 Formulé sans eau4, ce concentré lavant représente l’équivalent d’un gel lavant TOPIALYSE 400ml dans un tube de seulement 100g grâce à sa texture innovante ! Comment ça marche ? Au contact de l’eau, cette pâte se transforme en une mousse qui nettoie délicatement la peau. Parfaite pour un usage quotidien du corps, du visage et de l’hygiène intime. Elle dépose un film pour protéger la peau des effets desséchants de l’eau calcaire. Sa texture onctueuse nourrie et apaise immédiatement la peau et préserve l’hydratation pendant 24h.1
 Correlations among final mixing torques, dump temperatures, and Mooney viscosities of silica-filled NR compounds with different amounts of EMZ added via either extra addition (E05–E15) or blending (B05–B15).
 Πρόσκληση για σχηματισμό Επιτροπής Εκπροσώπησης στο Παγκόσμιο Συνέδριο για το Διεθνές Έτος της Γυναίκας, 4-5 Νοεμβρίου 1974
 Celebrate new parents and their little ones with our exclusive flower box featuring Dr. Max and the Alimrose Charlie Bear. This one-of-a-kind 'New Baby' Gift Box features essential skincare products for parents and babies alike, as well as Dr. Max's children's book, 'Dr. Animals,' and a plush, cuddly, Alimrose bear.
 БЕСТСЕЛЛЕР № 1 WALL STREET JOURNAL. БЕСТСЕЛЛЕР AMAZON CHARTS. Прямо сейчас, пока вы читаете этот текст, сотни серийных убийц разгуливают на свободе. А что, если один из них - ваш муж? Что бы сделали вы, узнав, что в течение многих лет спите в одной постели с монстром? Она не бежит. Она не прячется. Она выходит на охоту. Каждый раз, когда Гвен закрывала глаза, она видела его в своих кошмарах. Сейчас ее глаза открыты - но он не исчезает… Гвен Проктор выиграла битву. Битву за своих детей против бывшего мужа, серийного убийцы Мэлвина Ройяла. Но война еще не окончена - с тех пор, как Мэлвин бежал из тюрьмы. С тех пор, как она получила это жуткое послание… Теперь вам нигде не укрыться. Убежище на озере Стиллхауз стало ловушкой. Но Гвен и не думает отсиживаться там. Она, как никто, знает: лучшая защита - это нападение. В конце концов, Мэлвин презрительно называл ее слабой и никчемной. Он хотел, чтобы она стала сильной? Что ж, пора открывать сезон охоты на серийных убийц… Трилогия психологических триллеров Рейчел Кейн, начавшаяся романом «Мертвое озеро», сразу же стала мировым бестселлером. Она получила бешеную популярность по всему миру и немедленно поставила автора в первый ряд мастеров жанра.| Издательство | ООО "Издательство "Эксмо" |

■ ■ ■ ■ ■ ■ ■

### WHAT YOU SHOULD DO
Output, from the data above, the lines from the line with "Correlations among final" to the line with "Πρόσκληση για σχηματισμό" exactly as they stand, both ends included and nothing else.

### TASK RESULT
 Correlations among final mixing torques, dump temperatures, and Mooney viscosities of silica-filled NR compounds with different amounts of EMZ added via either extra addition (E05–E15) or blending (B05–B15).
 Πρόσκληση για σχηματισμό Επιτροπής Εκπροσώπησης στο Παγκόσμιο Συνέδριο για το Διεθνές Έτος της Γυναίκας, 4-5 Νοεμβρίου 1974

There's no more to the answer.